- IATA: KIP; ICAO: KCWC; FAA LID: CWC;

Summary
- Airport type: Public
- Owner: City of Wichita Falls
- Serves: Wichita Falls, Texas
- Elevation AMSL: 1,003 ft (306 m)
- Coordinates: 33°51′38″N 098°29′25″W﻿ / ﻿33.86056°N 98.49028°W

Map
- CWC Location within Texas

Runways
| Direction | Length |  | Surface |
| ft | m |
| 17/35 | 4,450 | 1,356 | Concrete |

Statistics (2017)
- Aircraft operations (year ending 12/7/2017): 33,770
- Based aircraft: 75
- Source: Federal Aviation Administration

= Kickapoo Downtown Airport =

Kickapoo Downtown Airport is a city-owned public use airport located three nautical miles (6 km) south of the central business district of Wichita Falls, a city in Wichita County, Texas, United States.
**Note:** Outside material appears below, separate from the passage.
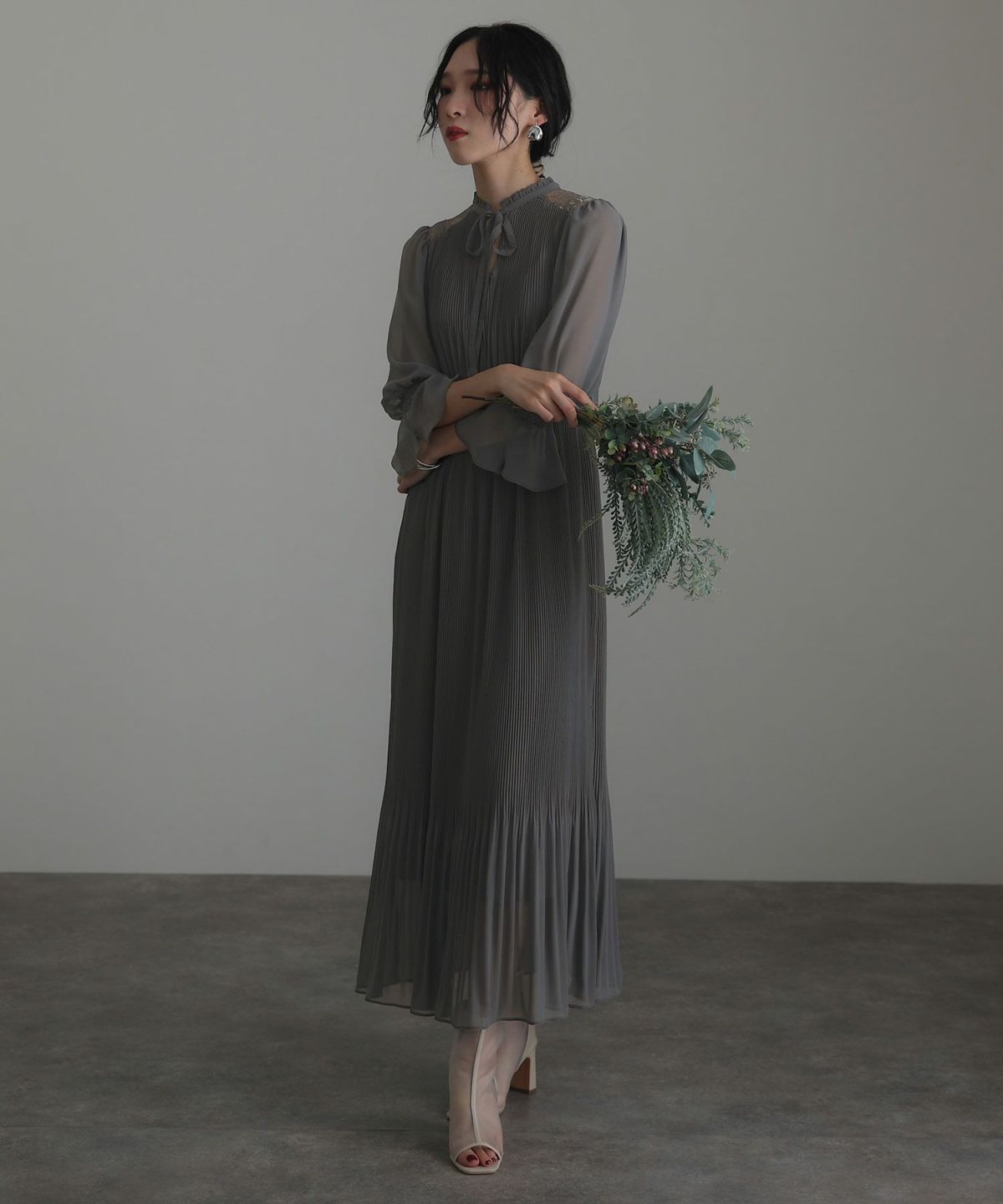 可愛い×シック ショルダーレース切り替えシフォンプリーツワンピース
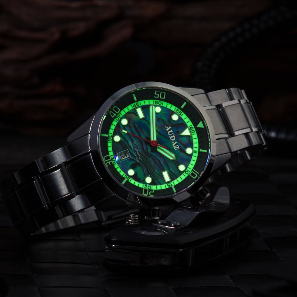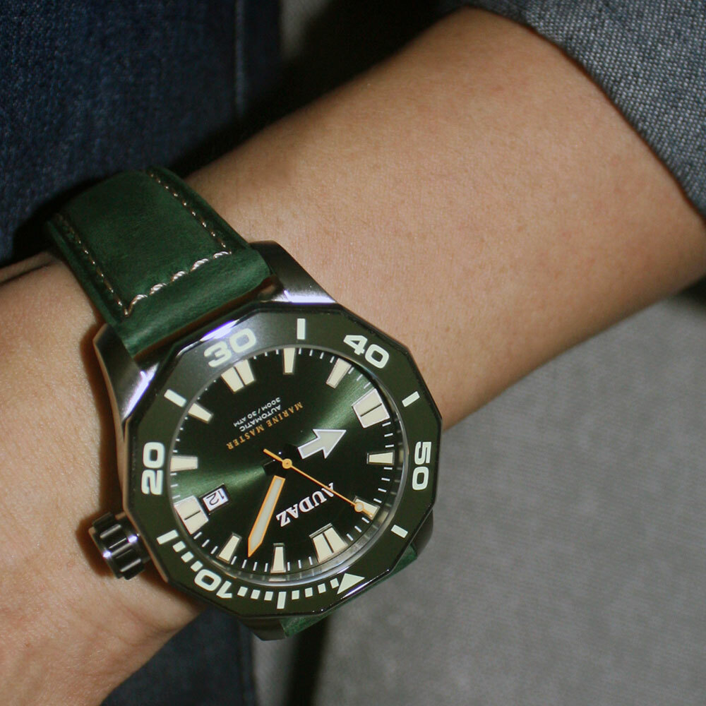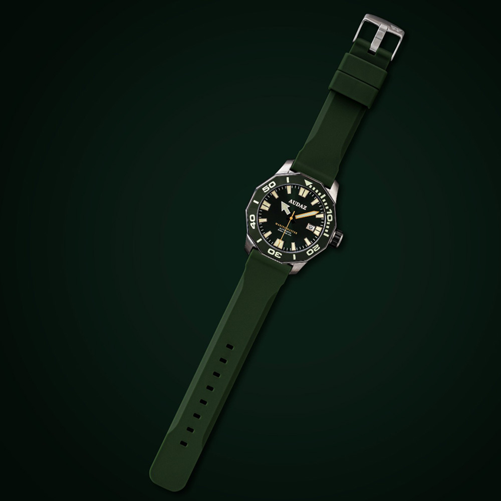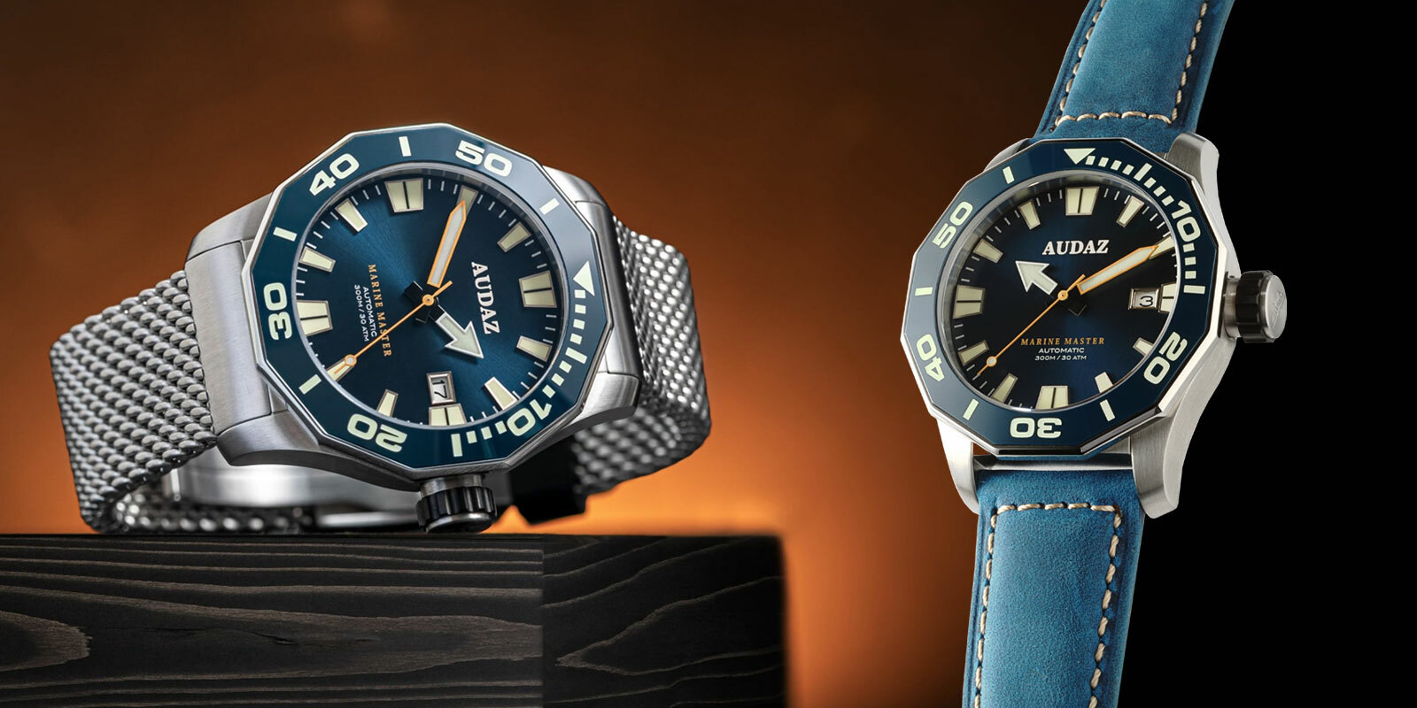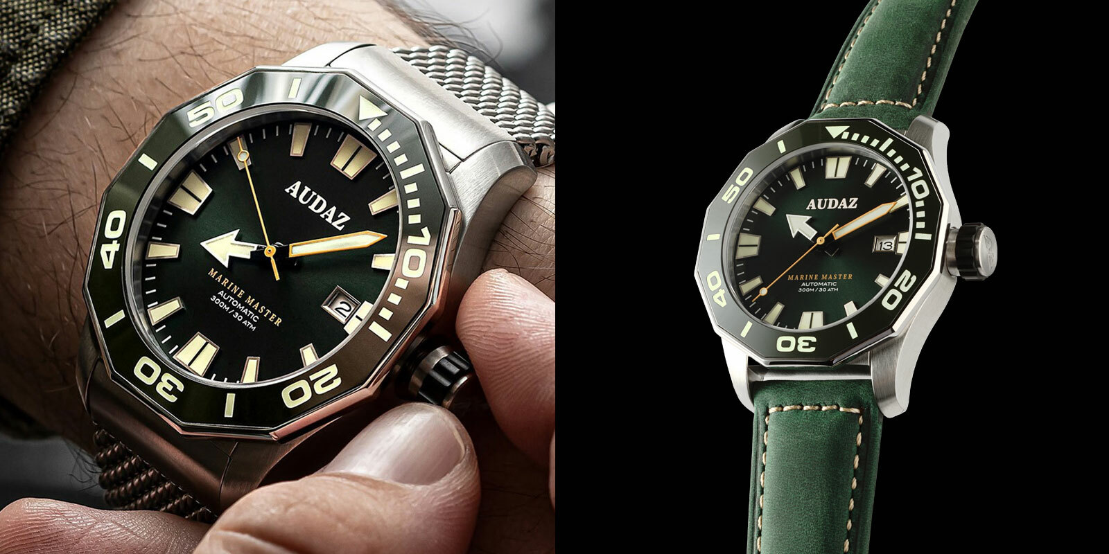 AUDAZ【Marine Master 遠洋大師】300米專業潛水系列 ,以少見的12邊形計時圈元素,賦予潛水錶與眾不同的簡約風範。獨特的12邊形計時圈設計不僅讓轉動時容易抓握,150度內角也帶出最輕鬆的旋轉力矩;此外12邊形與潛水時慣用的5分鐘單位刻度完美契合,更是方便潛水者輕鬆對齊刻度指標。

Although most U.S. airports use the same three-letter location identifier for the FAA and IATA, this airport is assigned CWC by the FAA and KIP by the IATA (which assigned CWC to Chernovtsy Airport in Chernovtsy, Ukraine).

== Facilities and aircraft ==
Kickapoo Downtown Airport covers an area of 149 acre at an elevation of 1,003 feet (306 m) above mean sea level. It has one runway designated 17/35 with a concrete surface measuring 4,450 by 75 feet (1,356 x 23 m).

For the 12-month period ending December 7, 2017, the airport had 33,770 aircraft operations, an average of 92 per day: 100% general aviation, <1% military and <1% air taxi. At that time there were 75 aircraft based at this airport: 57 single-engine, 15 multi-engine, and 3 jet.